Patterns using the wildcard symbol are very effective, but there are
many instances where we want to limit the set of characters that the
wildcard can match.  In such cases we can use the ``[]`` notation,
which enumerates the set of characters to be matched - this is called
a *character class*.  For example, we can match any English vowel, but
no consonant, using |[aeiou]|\ . Note that this pattern can be
interpreted as saying "match ``a`` or ``e`` or ... or ``u``"; that
is, the pattern resembles the wildcard in only matching a string of
length one; unlike the wildcard, it restricts the characters matched
to a specific class (in this case, the vowels).  Note that the order
of vowels in the regular expression is insignificant, and we would
have had the same result with the expression |[uoiea]|\ . As a second
example, the expression |p[aeiou]t| matches the words: ``pat``,
``pet``, ``pit``, ``pot``, and ``put``.

We can combine the ``[]`` notation with our notation for
repeatability.  For example, expression |p[aeiou]+t| matches the words
listed above, along with: ``peat``, ``poet``, and ``pout``.

Often the choices we want to describe cannot be expressed at the level
of individual characters.  As discussed in the tagging tutorial,
different parts of speech are often *tagged* using labels from a
tagset. In the Brown tagset, for example, singular nouns have the tag
``NN1``, while plural nouns have the tag ``NN2``, while nouns which
are unspecified for number (e.g., ``aircraft``) are tagged ``NN0``. So
we might use |NN.*| as a pattern which will match any nominal
tag. Now, suppose we were processing the output of a tagger to extract
string of tokens corresponding to noun phrases, we might want to find
all nouns (``NN.*``), adjectives (``JJ.*``) and determiners (``DT``),
while excluding all other word types (e.g. verbs ``VB.*``).  It is
possible, using a single regular expression, to search for this set of
candidates using the *choice operator* "``|``" as follows:
|NN.*|JJ.*|DT|\ . This says: match ``NN.*`` *or* ``JJ.*`` *or* ``DT``.
 
As another example of multi-character choices, suppose that we wanted
to create a program to simplify English prose, replacing rare words
(like ``abode``) with a more frequent, synonymous word (like
``home``).  In this situation, we need to map from a potentially large
set of words to an individual word.  We can match the set of words
using the choice operator.  In the case of the word ``home``, we would
want to match the regular expression |dwelling|domicile|abode|\ .

.. Note:: Note that the choice operator has wide scope, so that |abc|def|
   is a choice between ``abd`` and ``def``, and not between ``abced`` and
   ``abdef``.  The latter choice must be written using parentheses: |ab(c|d)ed|\ .


--------------------------------
More Complex Regular Expressions
--------------------------------

In this section we will cover operators which can be used to
construct more powerful and useful regular expressions.

Ranges
------

Earlier we saw how the ``[]`` notation could be used to express a set
of choices between individual characters.  Instead of listing each
character, it is also possible to express a *range* of characters,
using the ``-`` operator.  For example, |[a-z]| matches any lowercase
letter.  This allows us to avoid the overpermissive matching we noted
above with the pattern |t...|\ . If we were to use the pattern
|t[a-z][a-z][a-z]|, then we would no longer match the two word
sequence ``to a``.

As expected, ranges can be combined with other operators.

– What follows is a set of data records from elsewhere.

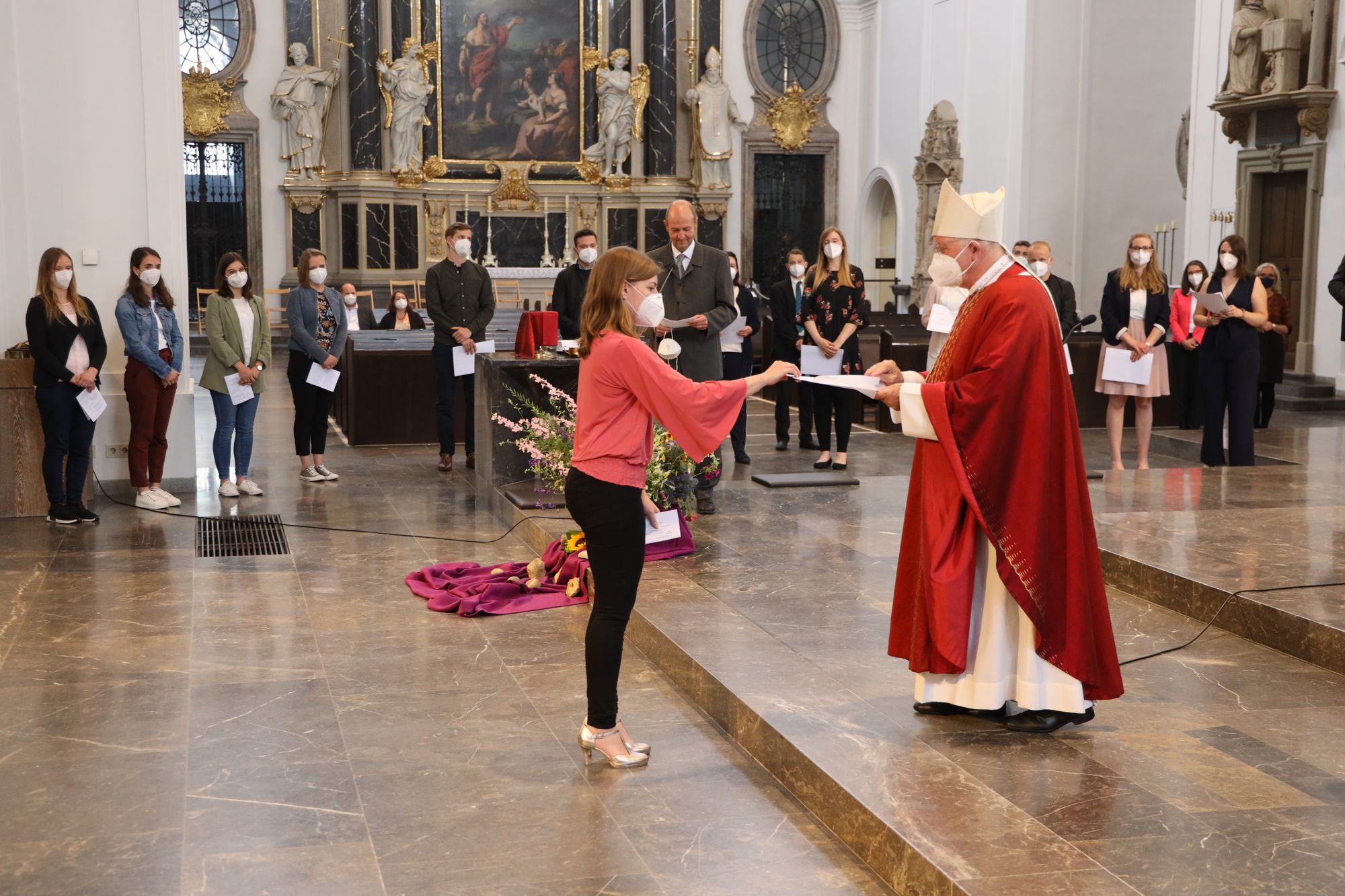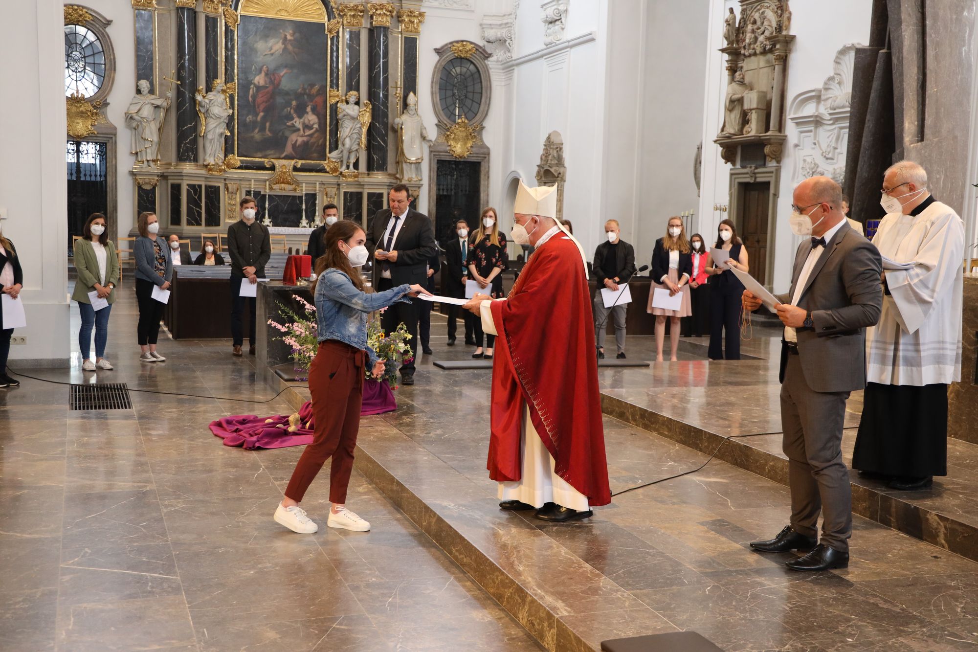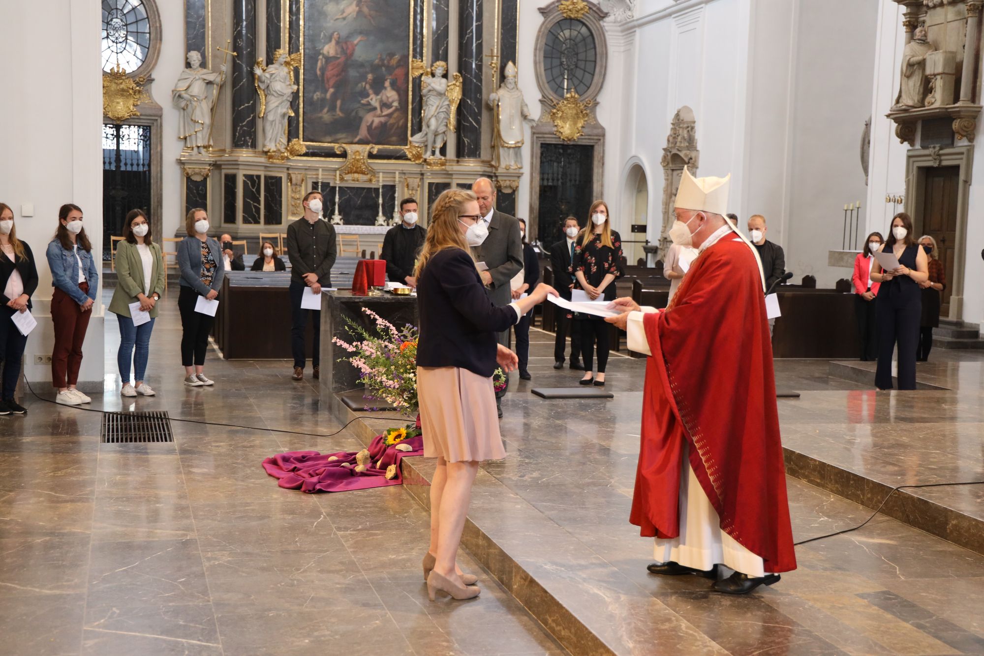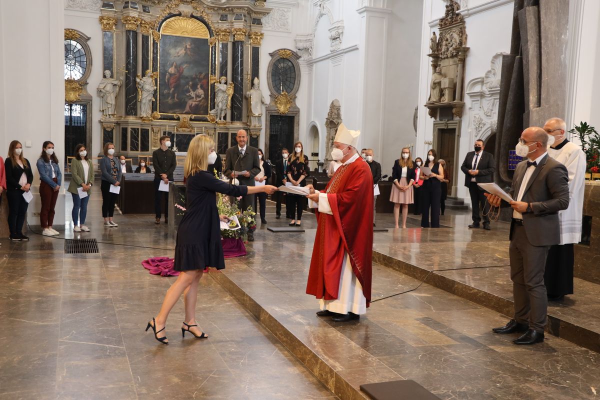 Für das Lehramt an Mittelschulen bekamen die Missio canonica: Miriam Abert aus Haßfurt, Julia Ferdinand aus Schweinfurt, Elena Holzwert aus Bad Neustadt, Julia Meyer aus Gerbrunn, Valerie Paul aus Bergtheim, Bastian Rößner aus Zeil am Main, Philipp Schell aus Würzburg und David Seifried aus Aschaffenburg.
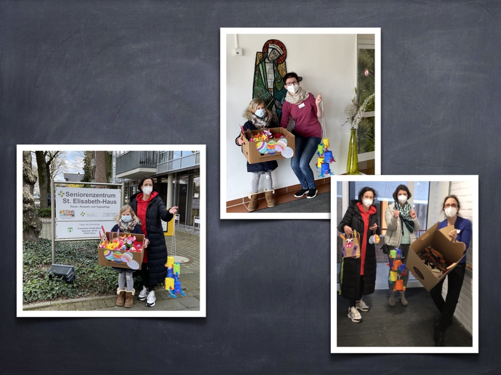 Mit Unterstützung des Lions Clubs aus Xanten konnten wir über das Projekt „Xantener für Xantener“ viele zusätzliche Bastelmaterialien besorgen, um allerlei schöne und kreative Dinge zur Dekoration zu erstellen. Die gebastelten Tulpen, Osterhasen, Hummeln, Schmetterlinge, Ostereier oder Vögelchen bereiten den Menschen in den Seniorenheimen und im Krankenhaus viel Freude.
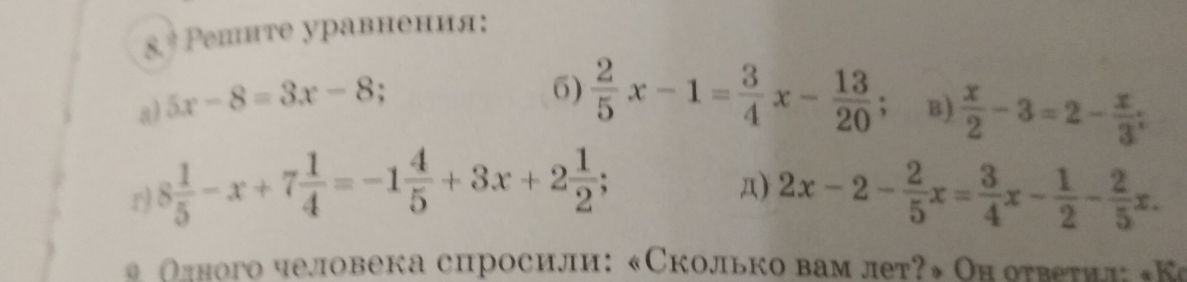 г)15 --- + 1 ---- - 2 ---- = 4*x; д) (32*x)/20 - (15*x)/20 = 3/2
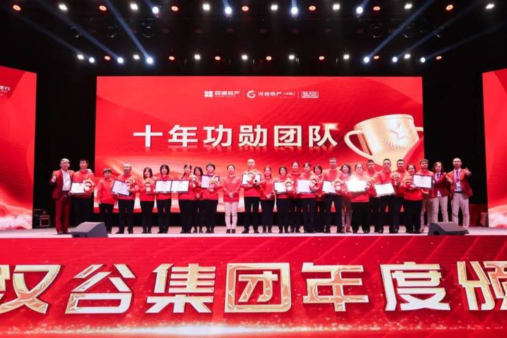 汉谷集团于2024年成立“房速卖协会”和“新房协会”,组织有想法、有能力又身处一线的家人们,一起来提出建议、书写规则,通过协会理事会带动协会会员,促成协会业务的良性自循环。颁奖盛典上,两大协会理事登台,立下2025发展宣言,平董上台授予开拓者奖牌,未来我们一起共建。
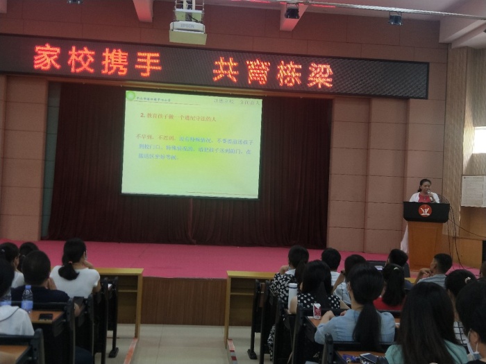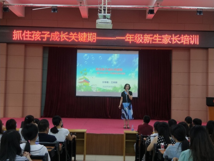 與此同時,另一邊的家長培訓會議也在學校禮堂如火如荼地開展中。本次新生家長培訓,學校邀請了中山市婦聯家庭教育指導服務中心主任王曉君女士給家長們作了題為《抓住孩子成長關鍵期》的講座。王主任深入分析了一年級孩子的特點,從一年級新生家長最關心的問題入手,指導家長如何抓住一年級孩子成長的關鍵期進行家庭教育。
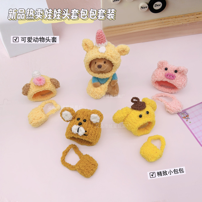 Set Dua Potong Tas Penutup Kepala Kartun Topi Kecil Boneka Kreatif Set Aksesori Dekorasi Boneka DIY
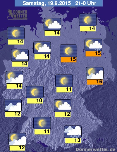 Heute Abend halten sich vor allem über dem Südosten der Republik dichte Wolken aus denen es häufig regnet, aber auch über Ostdeutschland ziehen gebietsweise dichte Wolken durch, die hier und da für Schauer sorgen können. Sonst ist es jedoch meist locker bewölkt oder auch sternenklar und es bleibt trocken. Die Abendtemperatur liegt bei 16 Grad in Leipzig und etwa 10 Grad am Westerwald.
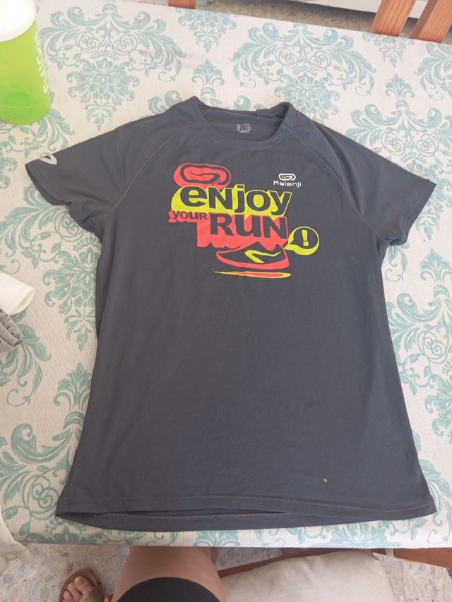 Camiseta de manga corta para running con un diseño llamativo. - Color gris oscuro. Talla 14 anos
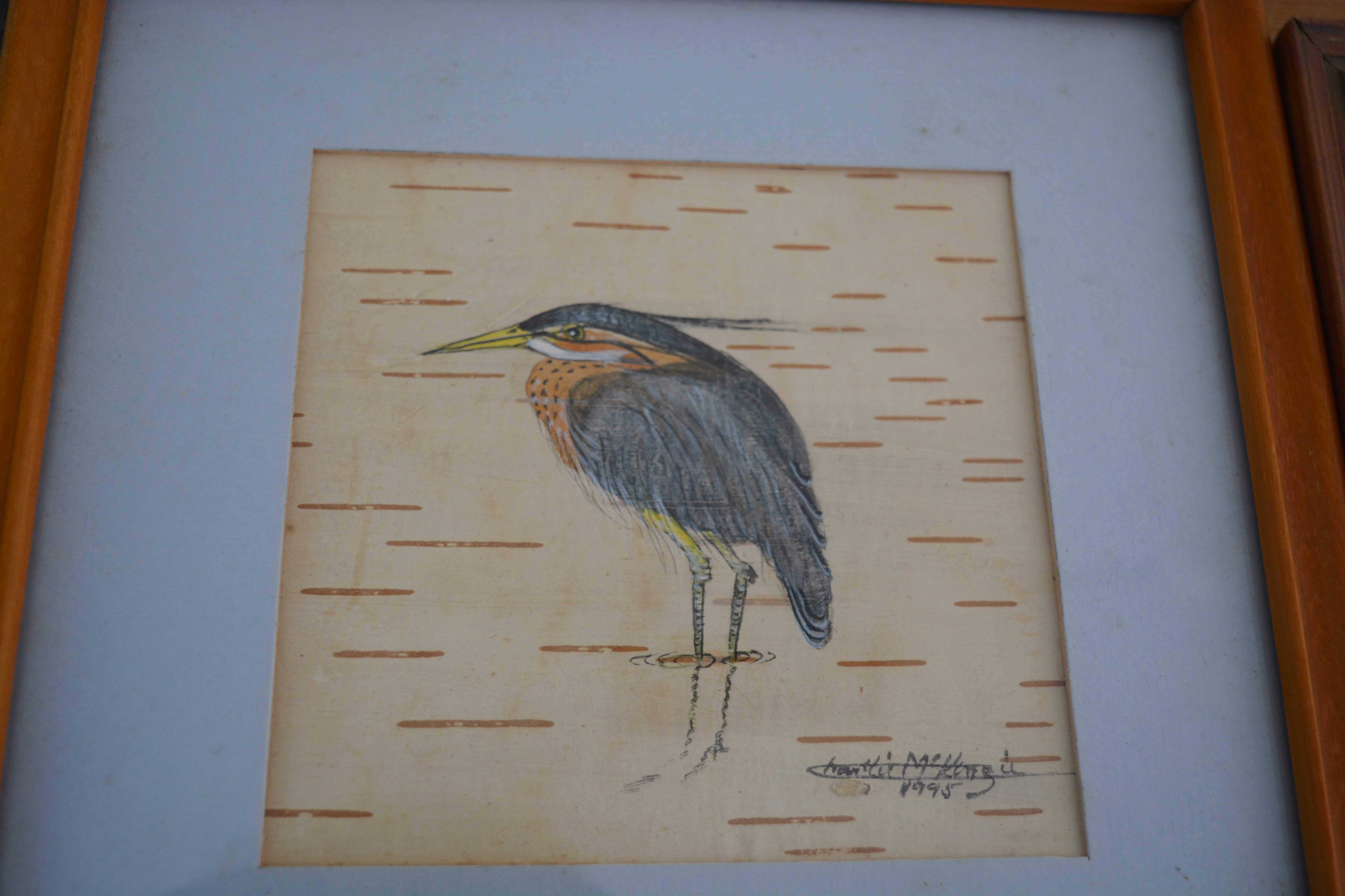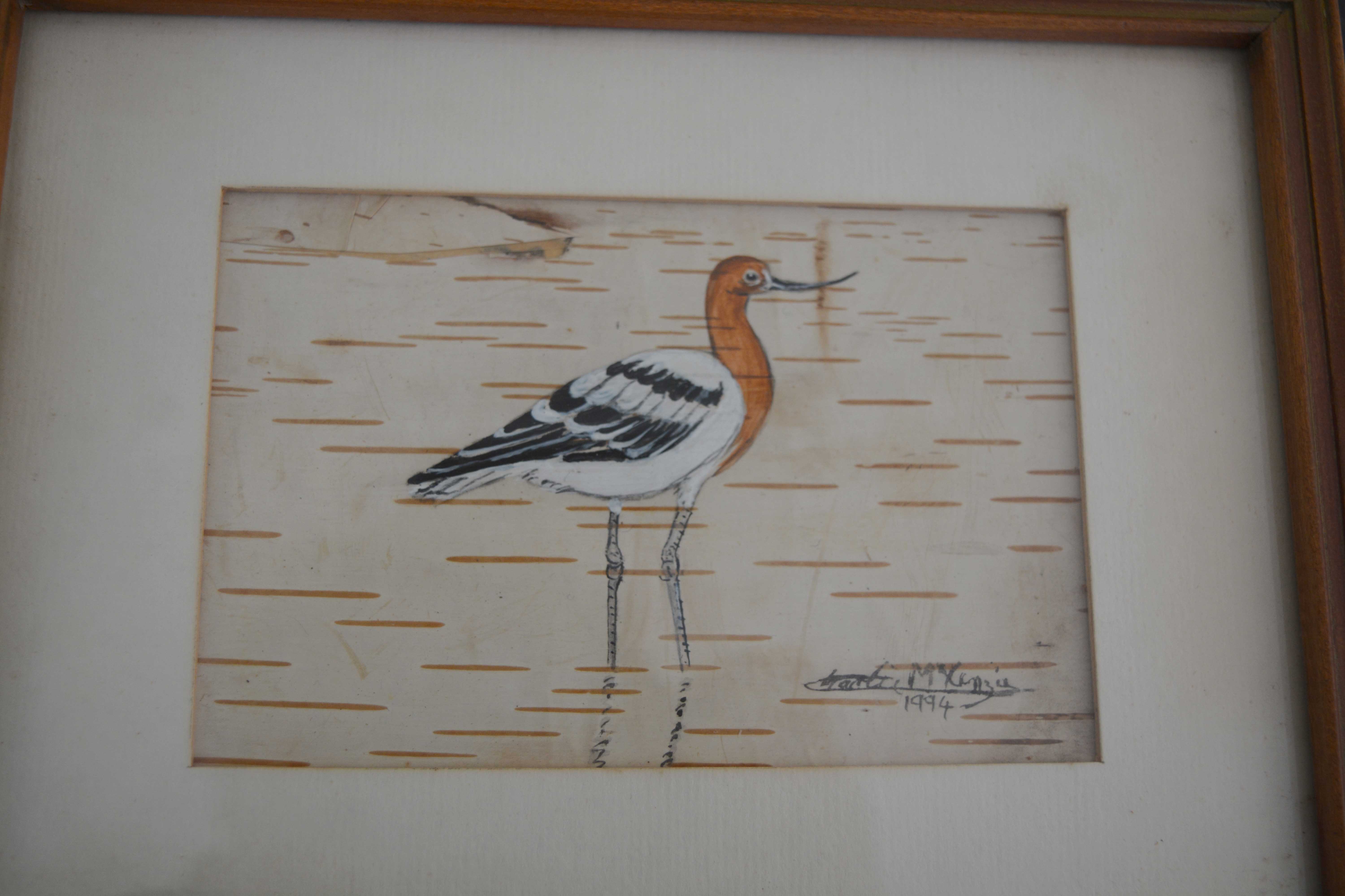 Either very fine birchbark or birchbark paper. They are an American Avocet and the other is called a Purple Heron and is a rare visitor it seems. They are by a Cree artist, Charlie McKenzie, who used to live in the Rideau area. Couldn't believe people were ignoring these!
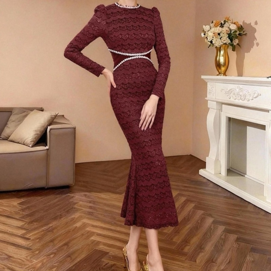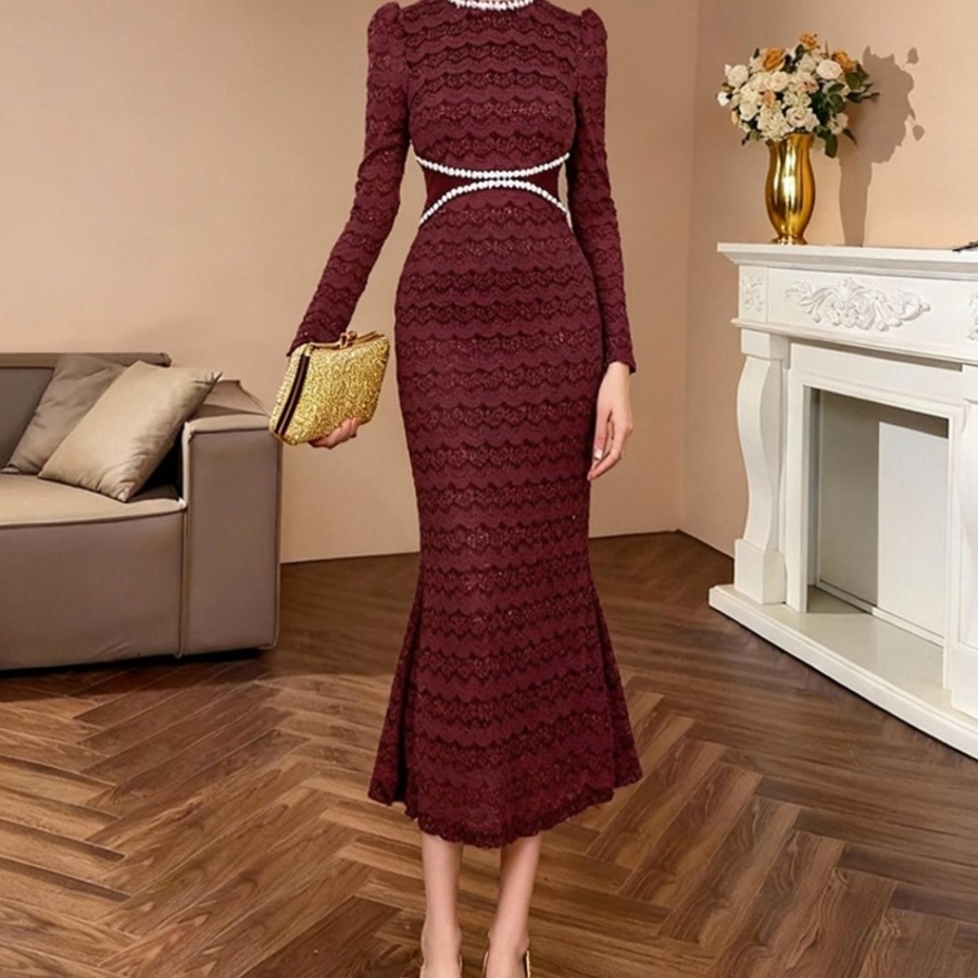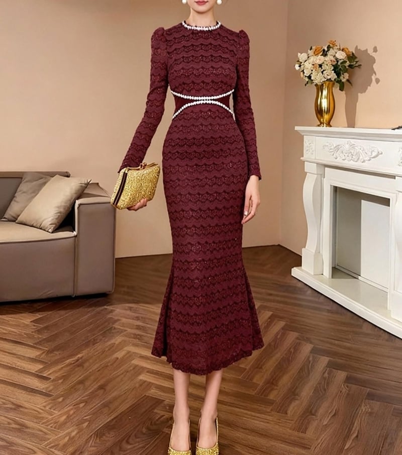 総レースビーズ装飾マーメイドドレス D0224
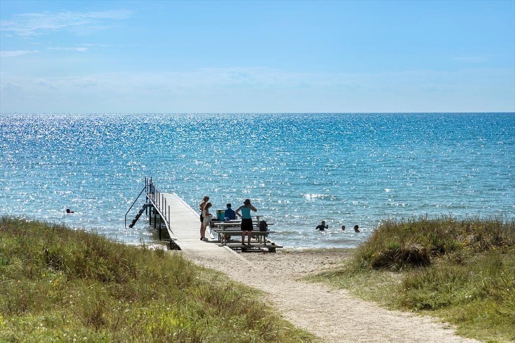 Dejligt stort nyere sommerhus i nærheden af den fine sandstrand ved Bredfjed. Her emmer af sommerhus-idyl samt fred og ro. Den helt rigtige feriestemning. Tag en aftentur og se solen gå ned i bølgerne. Der er desuden en badebro ved stranden og masser af krabber der kan fanges. Nyd en tur til Lalandias store badeland og restauranter (som også tilbyder take-away), som ligger i kørselsafstand af sommerhuset eller tag en shopping-tur med færgen til Tyskland. Der er flere indkøbsmuligheder i Rødbyhavn, hvor der kan købes ind til dagligdagen eller kør til Domkirkebyen Maribo og spis en is på torvet. Hvis der er appetit til flere oplevelser, kan Knuthenborg Safari Park med anbefaling udforskes. Om aftenen kan der spilles spil omkring det store spisebord, mens ilden knitrer i brændeovnen.
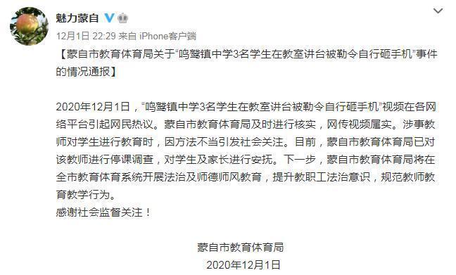 据云南省蒙自市委外宣办官方微博消息,针对网上流传的"鸣鹫镇中学 3 名学生在教室讲台被勒令自行砸手机"视频一事,蒙自市教育体育局 1 日发布情况通报称,已对此事及时进行核实,网传视频属实。
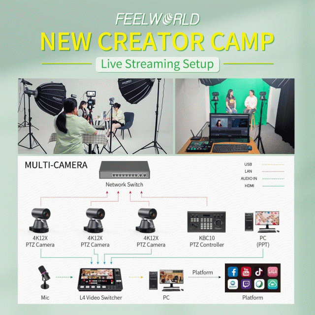 También puede controlar hasta 8 cámaras PTZ en la aplicación (Feelworld Live) a través del conmutador PoE, lo que resulta ideal para profesionales del sector audiovisual y de TI que necesitan gestionar de forma remota varias cámaras PTZ en su red.
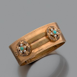 Parure en or jaune 18K (750‰) composée d'un large bracelet articulé orné de motifs ronds centrés de cabochons de turquoise et de dem...

For example
|[A-Z][a-z]*| matches words that have an initial capital letter
followed by any number of lowercase letters.  The pattern
|20[0-4][0-9]| matches year expressions in the range 2000 to 2049.
  
Ranges can be combined, e.g.  |[a-zA-Z]| which matches any lowercase
or uppercase letter.  The expression |[b-df-hj-np-tv-z]+| matches
words consisting only of consonants (e.g. ``pygmy``).
  
Complementation
---------------

We just saw that the character class |[b-df-hj-np-tv-z]+| allows us to
match sequences of consonants. However, this expression is quite
cumbersome. A better alternative is to say: let's match anything which
isn't a vowel. To do this, we need a way of expressing
*complementation*.  We do this using the symbol "``^``" as the first
character inside a class expression ``[]``. Let's look at an example.
The regular expression |[^aeiou]| is just like our earlier character
class |[aeiou]|, except now the set of vowels is preceded
by ``^``. The expression as a whole is interpreted as matching
anything which *fails* to match |[aeiou]|\ . In other
words, it matches all lowercase consonants (plus all uppercase letters
and non-alphabetic characters).

As another example, suppose we want to match any string which is
enclosed by the HTML tags for boldface, namely ``<B>`` and ``</B>``.
We might try something like this: |<B>.*</B>|\ . This would
successfully match ``<B>important</B>``, but would also match
``<B>important</B> and <B>urgent</B>``, since the |.*| subpattern will
happily match all the characters from the end of ``important`` to the
end of ``urgent``. One way of ensuring that we only look at matched
pairs of tags would be to use the expression |l|\ ``<B>[^<]*</B>``\
|r|\ , where the chararacter class matches anything other than a left
angle bracket.

Finally, note that character class complementation also works with
ranges. Thus |[^a-z]| matches anything other than the lower case
alphabetic characters ``a`` through ``z``.

Common Special Symbols
----------------------

So far, we have only looked at patterns which match with the content
of character strings. However, it is also useful to be able to refer
to formatting properties of texts. Two important symbols in this
regard are "``^``" and "``$``" which are used to *anchor* matches to
the beginnings or ends of lines in a file.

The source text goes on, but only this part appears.